Although no obvious clinical signs were noted in this study, we sought to examine whether deletion of separate polypeptide sequences of nsp2 would have an effect on any disease parameter. LNW/BW ratios revealed that only one mutant, rΔ727–813, caused a discernable decrease in lymph node enlargement over that seen with rVR-2332. Thus, the smallest deletion with only 87AA acids removed from nsp2 was able to induce diminished clinical disease whereas the larger upstream 187AA and 200AA deletions had no moderating effect. Bioinformatic analysis of the 87AA region did not yield any noticeable protein motifs, although the high proline content (10%) suggests a highly structured protein region. Finally, when comparing the putative antigenic regions discussed above, the regions containing 10 such motifs did not reduce the lymphadenopathy, while a region with only 4 domains significantly decreased this measurable sign of pathogenicity. Whether the reduction of the predicted B-cell epitopes results in an attenuation/exacerbation of other clinical signs must be examined using alternative PRRSV strains. However, the viral mutants described in this report will be extremely useful in the search for other modulators of PRRSV infection.
Acknowledgements
The authors would like to acknowledge and thank Ann C. Vorwald and David Michael for outstanding technical help, and Brian Pottebaum and Jason Huegel for the excellent animal care provided in performance of the experiments included in this manuscript.
Footnotes
Supplementary data associated with this article can be found, in the online version, at doi:10.1016/j.virusres.2010.07.024.

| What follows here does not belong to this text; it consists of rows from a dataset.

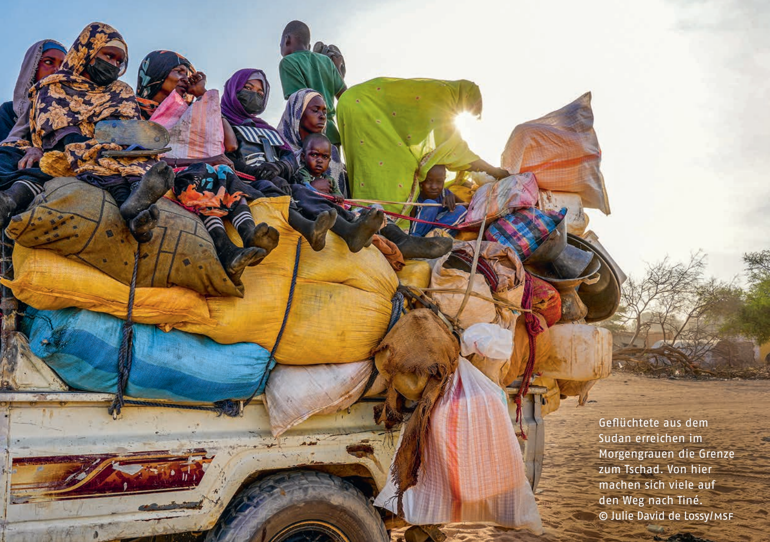
Geflüchtete aus dem Sudan erreichen im Morgengrauen die Grenze zum Tschad. Von hier machen sich viele auf den Weg nach Tiné.
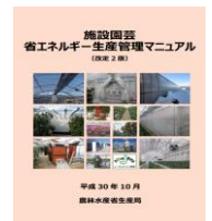
▲省エネマニュアル
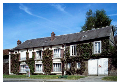
Canaples, maison, 352 rue de Fieffes, 1ère moitié du 20e siècle. IVR22_20098000217XA
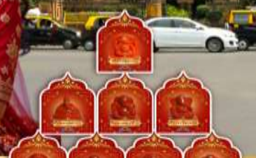
พระพิฆเนศ 8 องค์ เมืองปูเน่
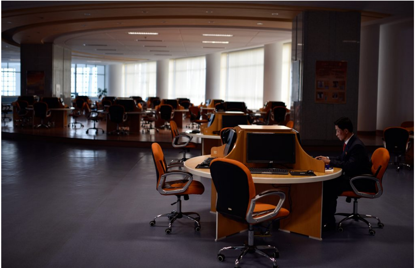
Sci-Tech Complex

Fotografer Oliver Wainwright menyebut, Korea Utara memanfaatkan arsitektur layaknya estalase toko sebagai alat untuk memamerkan keagungan dan kekuasaan para pemimpinnya. Seluruh elemen seperti patung maupun lukisan wajib ditata secara rapi, teliti, dan hati-hati.
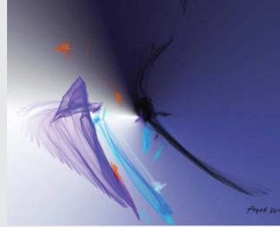
المعيار الحقيقي هو كيف سيكون الحرف في اللوحة؟
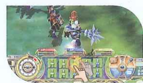
アイテム使用 アイテムをダブルタッチか選択状態でUSEボタン!

Appendix A. Supplementary data
Fig. S1. VR-2332 nsp2 amino acid alignment. The sequenced wt virus is shown aligned with rVR-2332 and sequences of each PRRSV deletion mutant after 35 days of swine infection. Swine sample numbers 525 and 527 represent inoculation Group 1, 530 and 532 represent Group 2, 535 and 536 represent Group 3, 537 and 538 represent Group 4, and 542 and 543 represent Group 5. Two clones of each swine sample were sequenced. Amino acid identity is indicated by a period (.) and gaps are indicated by slashes (–). Based on EBLOSUM90 substitution, similar amino acids to wt VR-2332 are shown in uppercase whereas less similar amino acids are shown in lowercase.